Командир же, едва очутившись в узком лабиринте ограждения рубки, тут же унюхал специфический аромат, и даже кое-куда вляпался. Подоспевший дежурный (слава Богу, им в этот день был не я), волнуясь и запинаясь, попытался изобразить доклад по всей форме, но вышло у него приблизительно следующее:

     – Происшествий, товарищ командир, никаких нет, личный состав занимается боевой подготовкой по плану мероприятий. А запах?.. Так это… я ещё сам понять пока не могу… Похоже, какая-то тварь насрала в боевой рубке…
     Ой, не хотел бы я быть на месте дежурного в этот момент! Да и на месте командира, честно говоря, не очень. Он, бедняга, после такого доклада на несколько минут потерял дар речи. Так и стояли они молча, пялясь друг на друга: выпучивший глаза командир, и тупо моргающий дежурный.

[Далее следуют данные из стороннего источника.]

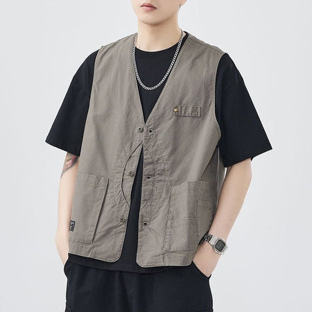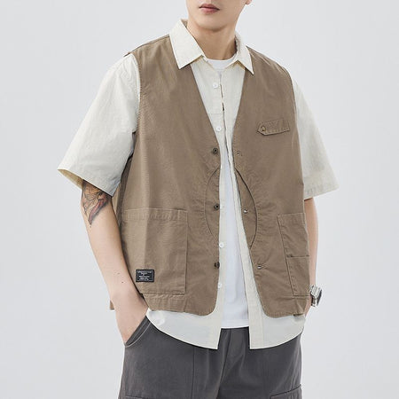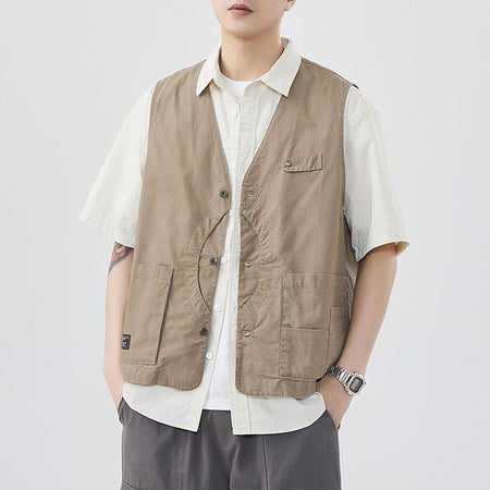 American Retro Washed Workwear Vest – Men’s Multi-Pocket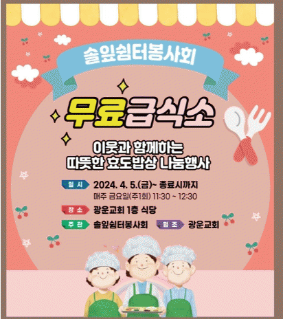 4ÀÏ ºÏ±¸¿¡ µû¸£¸é ÀÌ´ÞºÎÅÍ ¿î¾Ïµ¿¿¡ ¼ÒÀçÇÑ ¡®±¤¿î±³È¸(´ãÀÓ¸ñ»ç À̳²±Ô)¡¯¿¡¼ ¹Î°£ ÈÄ¿øÀ» ±â¹ÝÀ¸·Î ÇÑ ¡®¼ÖÀÙ½°ÅͺÀ»çȸ ÁÖ°ü ¹«·á ±Þ½Ä¼Ò¡¯ ¿î¿µÀÌ °³½ÃµÈ´Ù.

     – Я что-то, бл…, не совсем понял… – Обретя наконец возможность выражать свои мысли, с интересом глянув на дежурного, медленно проговорил командир.
     – Я только на полчаса оставил лодку – и что я вижу? Её уже всю засрали? Так, что ли? – Затем, подойдя к шахте люка, брезгливо глянул вниз и с интонацией, не предвещающей ничего хорошего, язвительно поинтересовался: – А там на моё кресло случайно ещё никакая сволочь кучу не навалила?!! – И, словно выйдя из оцепенения, грянул во всё горло:
     –Дежурный!!! Развороти твою задницу! Ну что ты вылупился на меня бестолковыми глазами? Что у тебя тут происходит? Чем это ты здесь вообще занимаешься?! – Дежурный, красный, как переходящее почётное знамя, с каплями пота на наморщенном лбу, разводил руками и безуспешно пытался что-то сказать.
     – Ну что ты тут встал, как столб обоссанный? Я тебя спрашиваю?! И не хер тут делать удивлённых движений руками! Большой сбор объявляй! Всех вниз! Большую приборку, живо! Где старпом? Нет??? На базе??? Помощник? Помощника ко мне! Тоже нет??? Всех на борт! Запрещаю сход… всех драть… палубу драить… – Неистовствовал командир.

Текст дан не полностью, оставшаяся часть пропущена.